I just finished a (trivial) string utility.
It can split strings on set of characters.
(my-split-string "foo:bar:baz" #\:)
===> ("foo" "bar" "baz")
(my-split-string "foo:bar:baz" #(#\o #\a))
===> ("f" ":b" "r:b" "z")
First argument must be type of STRING.
Second one can be STRING/VECTOR (not BIT-VECTOR), CHARACTER or LIST.
Enjoy.
Some benchmarks (CMUCL):
first argument: STRINGs, and SIMPLE-STRINGs (all possible).
second argument: all possible (exept single chars[**]).
(do-tests '(my-split-string cllib:split-string) 20000)
===>
operator avg. no of cpu cycles. avg. no of bytes consed.

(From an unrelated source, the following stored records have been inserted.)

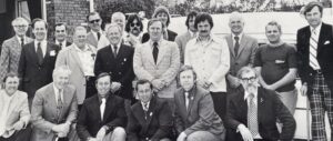 Debt Free — MBFA squad building re-dedication, May 1974. Squad president Walter Burns (l) and donator Jay W. Ross (r). Mr. Ross had paid off the squad’s $40,000 mortgage and the building was re-dedicated in honor of his mother, Margaret.
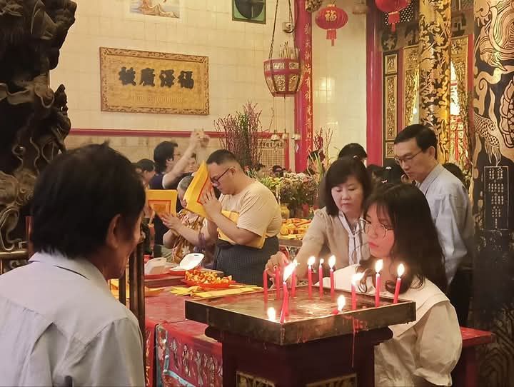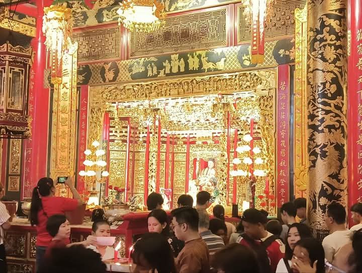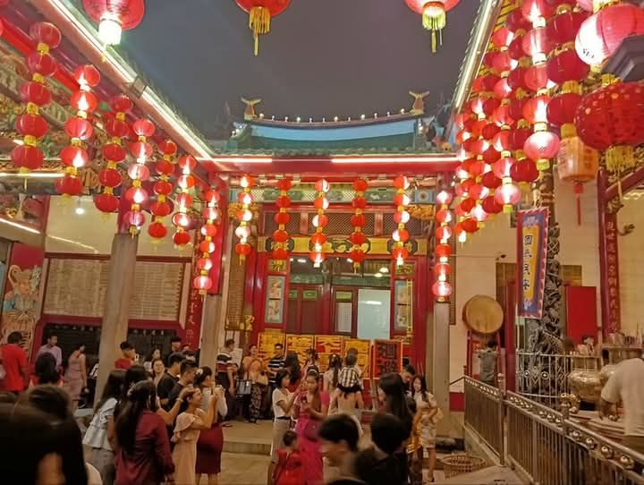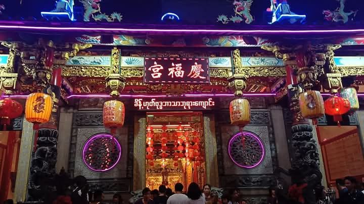 1月29日春节当天,仰光省拉达镇区(လသာမြို့နယ်)位于စဥ့်အိုးတန်း路与ကမ်းနား路交叉口的庆福宫,寺庙内外悬挂了大量灯笼和彩灯,从早上开始就挤满了前来祈福的信众,现场十分热闹。
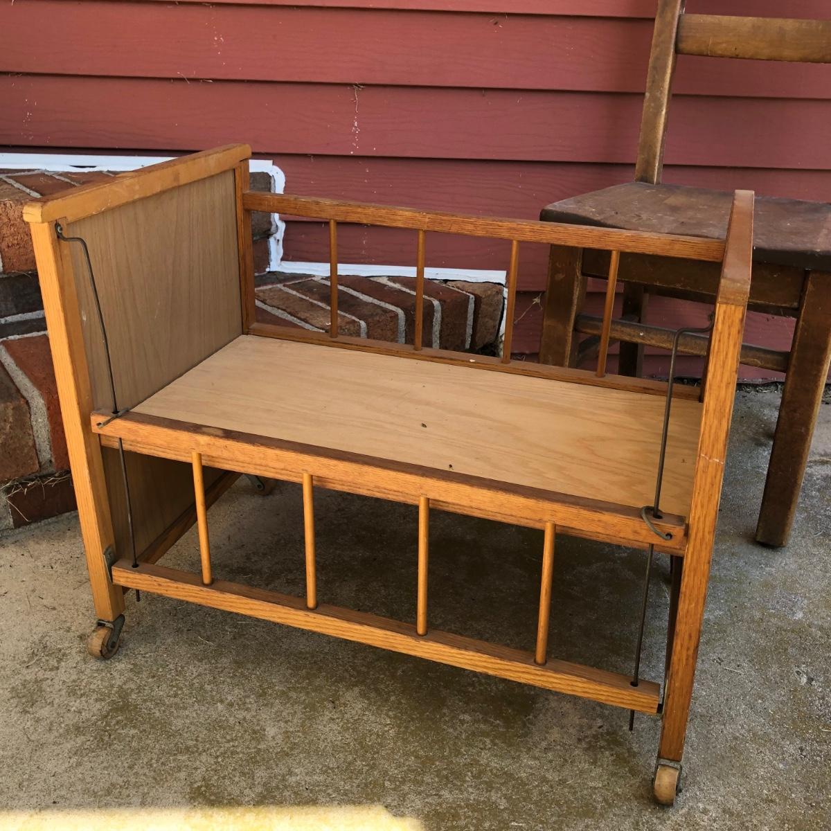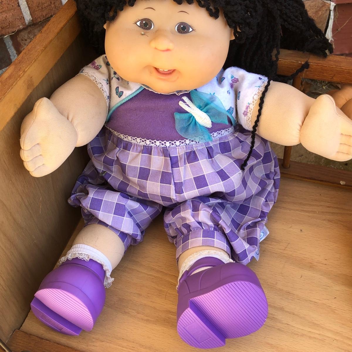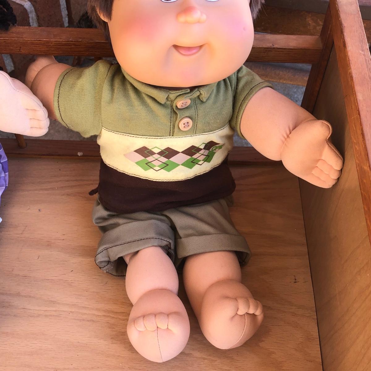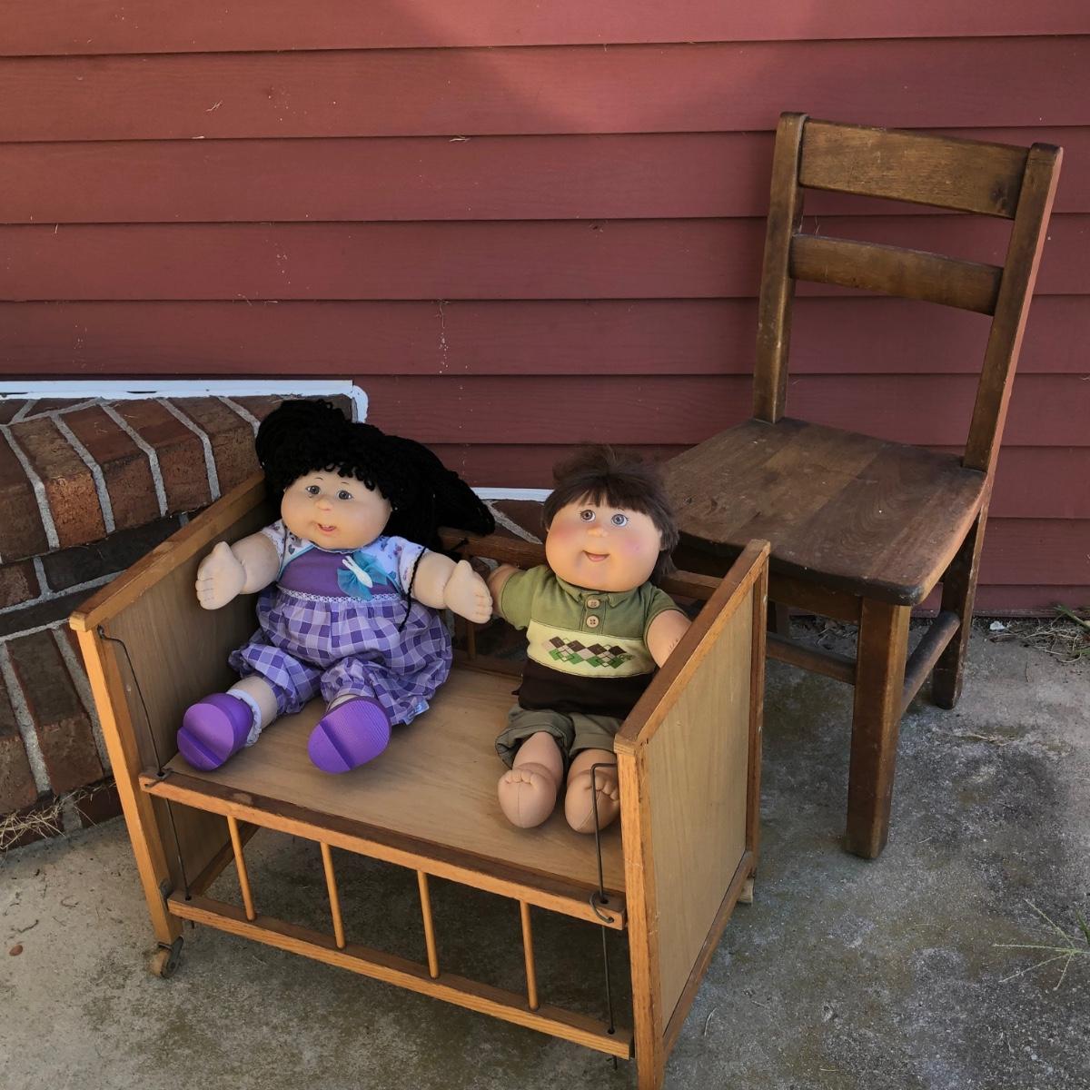 LOT 15M: Two Vintage Cabbage Patch Kids Dolls w/ Doll Crib & Child's Chair
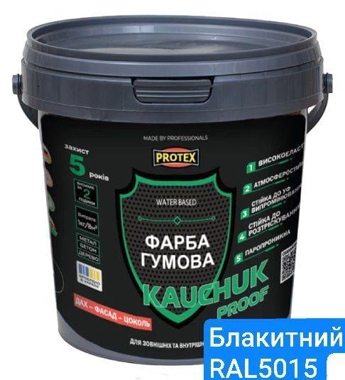 Фарба високоеластична KAUCHUK proof Water Based PROTEX RAL 5015 блакитна 1.3кг
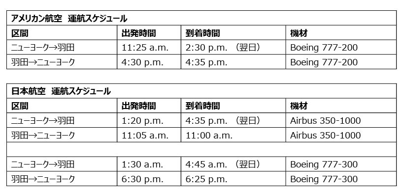 今回新たに開設される羽田―ニューヨーク線は、共同事業パートナーである日本航空との既存便を補完します。羽田―ニューヨーク間をご利用されるお客様は、便利な時間帯に運航される1日最大3便から選択できるようになります。
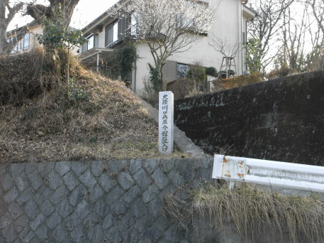 <沿革> 武蔵七党の1つ西党に属する川口氏の居館跡である。川口氏は、西宗貞の孫の次郎大夫にはじまると される。次郎大夫の後、川口氏は八郎太郎景綱、太郎長季、兵庫介幸季と続いている。兵庫介幸季は、 応永年間(1394〜1427)に長楽寺に薬師如来像を寄進したと伝えられる。 幸季以降の川口氏の動向は不詳である。 <手記> 川口氏館は、川口川と北浅川に挟まれた台地の一端にあり、眼下を秋川街道が走る交通の要衝です。 正確な位置は今なお明らかではないようですが、地誌などの記述から大まかな範囲が推定されているよう です。 現在、比定地一帯は畑地となっており、一角に地元有志が建てた館跡碑があります。また、館跡へ上る 小道と秋川街道の角に館跡入口の碑まで建てられています。 |

-------------------------------------------------------------------
MY-SPLIT-STRING 117435 1260
SPLIT-STRING [*] 822833 1702
-------------------------------------------------------------------
first argument: STRINGs (no simple ones).
second argument: all possible (exept single chars[**]).
(do-tests '(my-split-string cllib:split-string) 20000)
===>
operator avg. no of cpu cycles. avg. no of bytes consed.
-------------------------------------------------------------------
MY-SPLIT-STRING 179054 1259
SPLIT-STRING [*] 861348 1700
-------------------------------------------------------------------
first argument: only SIMPLE-STRINGs.
second argument: all possible (exept single chars[**]).
(do-tests '(my-split-string cllib:split-string) 20000)
===>
operator avg. no of cpu cycles. avg. no of bytes consed.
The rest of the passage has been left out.